Q&A: For fighting cybercrime and boosting internet security, UCSD’s Stefan Savage wins a MacArthur award
Stefan Savage and his students have hacked into cars and disabled brakes, used telescopes to make illicit copies of keys from 200 feet away, and joined criminal groups selling counterfeit drugs over the internet.
Lucky for you, this professor of computer science and engineering at UC San Diego is on your side.
Savage, 48, works on a wide range of projects designed to protect computer systems from attackers, whether it’s a crook trying to steal credit card information off a laptop or a foreign country gathering intelligence by hacking into a database maintained by Yahoo or Anthem Blue Cross.
What sets him apart from others who face off against cybercriminals is the holistic approach he uses to keep our inboxes free from spam and our private information from being stolen. That’s why he just won a five-year, $625,000 “genius” grant from the
“Instead of just saying those are emails to block, or attacks to defend against, we spend a lot of time looking at a problem from the attacker’s standpoint,” he said.
That includes asking questions such as: How is an adversary making money? What does their supply chain look like? What can be done to make an economically motivated attack unprofitable?
“If you don’t actually understand the back end of the criminal process, then you don’t really know if whatever intervention you are using is actually the most cost-effective place to get in there and do something,” he said.
The MacArthur Foundation praised Savage for his “deep insights into internet security” and his “commitment to tackling problems of immediate, real-world importance.”
Savage spoke with The Times about how he became interested in cybersecurity, computer threats most of us haven’t thought about and why an internet security guy works in a university instead of a Silicon Valley start-up.
How did you get into internet security?
It was really a series of accidents. In the late 1990s I was working on network measurement projects, and we started getting some weird anomalous data.
Eventually we realized that someone was attacking someone else and then lying about what’s called the source address in the packet — that’s like the return address on an envelope. Instead of identifying themselves, they were putting a random number in there. Since we had a lot of addresses, some of those numbers were ours.
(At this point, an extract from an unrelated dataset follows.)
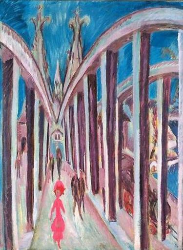 | Keywords: Ernst Ludwig Kirchner, Rheinbrücke in Köln, 1914.jpg Artwork Creator Ernst Ludwig Kirchner en Bridge over the Rhine in Cologne 1914 Oil canvas cm 120 5 91 Institution Neue Nationalgalerie accession number object history credit line repro from art book Author died more than 70 years ago - public domain thumb none PD-old-auto 1938 Landscape paintings by Ernst Ludwig Kirchner Hohenzollernbrücke Cologne in art Cologne Cathedral in art Paintings in the Neue Nationalgalerie 1914 paintings Rail transport in art Bridges in art Umbrellas in art |

All of a sudden, we could see who they were attacking and for how long and how many different people were being attacked. I just found that fascinating.
How do you decide what projects to take on?
I tend to follow an approach driven by serendipity. It has to do with whatever project emerges that seems like it has the most opportunity to make a difference, combined with some reason why our group is uniquely suited to do it. That could be because we have data other people don’t have, or that we are prepared to do it quickly enough.
A lot of it is also driven by students. When I started as a professor, I had this mental model that you go and tell your students what to do. Maybe that works for some people. I know that it does not work for me.
Is our world too connected? Does that open us up to threats we didn’t face before?
We add computing to things because it lets us do them more efficiently, or more safely, or with greater accuracy. And then we’ll add networking so we can get remote management. And this is all great.
The combination, though, creates the systemic risk that if someone sends a bad command, what happens?
Can you give me a few examples?
Well, modern cars are basically distributed computers that happen to have wheels on them. Increasingly, planes are the same way. So are boats. Stoplights are that way. The management of the power system is the same way, and the management of the pumps that drive our water system is the same.
All these systems work better and more efficiently now than they did before, but they also have a lot of fragility against someone who educates themselves about the details of how they work and is interested in disrupting them.
I’m surprised that a cybersecurity guy has stayed in academia. Why haven’t you left for the private sector?
It’s true that academics are not well-represented on the front lines of computer security. But I like being in academia in part because of the range of things that we work on. And for the parts of our work that affect public policy, it is much easier to do that from an academic platform then being an engineer somewhere.
What new projects are you working on?
The thing I’m most excited about now is what we are calling evidence-based security.
Right now, the vast majority of security decisions that are made by companies and individuals are ad hoc — like, stick your finger in the air and make a guess.
There is a bunch of received wisdom and a lot of what is called “best practices literature” that will help you defend yourself in a lawsuit, but it’s not based on any well-founded empirical measurement.
So what can you do about that?
We have become interested in trying to bring to the security world the same kind of approach that the healthcare industry uses. Let’s look at outcomes and treatments. Let’s measure this stuff.
The hope is that we get to a point where we can talk about risk and make decisions that are based on data and not on people’s gut feeling based on experience. I’m pretty excited about that.
This interview has been edited for length and clarity.